The United States has imposed trade restrictions on imports of solar cells and panels starting in 2012, and since then, the number and nature of these restrictions has grown. The last several weeks have seen a potential for further increase and/or extension of these measures, further complicating trade in this critical component of alternative energy.
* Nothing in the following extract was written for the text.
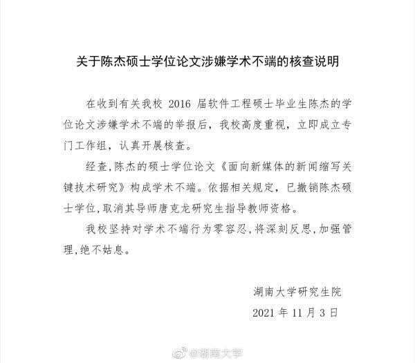 澎湃新闻注意到,11月3日23时59分,湖南大学在官方微博上回应称,收到相关举报后立即成立了专门工作组,认真开展核查。经查,陈杰的硕士学位论文《面向新媒体的新闻缩写关键技术研究》构成学术不端。依据相关规定,已撤销陈杰硕士学位,取消其导师唐克龙研究生指导教师资格。

First, on September 2, 2021, a World Trade Organization (“WTO”) panel circulated its report in United States – Safeguard Measure on Imports of Crystalline Silicon Photovoltaic Products (DS562), upholding the Section 201 safeguard tariffs imposed by the United States on crystalline silicon photovoltaic cells (“solar safeguard”). The solar safeguard is a 2.5GW tariff-rate quota that was imposed by the United States in 2018 on imports of solar cells from most countries. The tariff was initially set at 30 percent, and was scheduled to be reduced by five percentage points each year in the subsequent three years (lasting for a total of four years). China challenged the solar safeguard at the WTO, arguing that the U.S. International Trade Commission (“ITC”) failed to comply with the 1994 General Agreement on Tariffs and Trade (“GATT”) and the Agreement on Safeguards when conducting its safeguard investigation. China argued that the ITC had failed to demonstrate that imports of products increased “as a result of unforeseen developments,” as required by the GATT, while also attacking the ITC’s analysis regarding the link between increased imports and serious injury. The WTO dispute settlement body has historically been skeptical of safeguard actions, often finding them inconsistent with members’ obligations. However, in this instance, the panel rejected all of China’s claims, and affirmed the reasoning of the ITC.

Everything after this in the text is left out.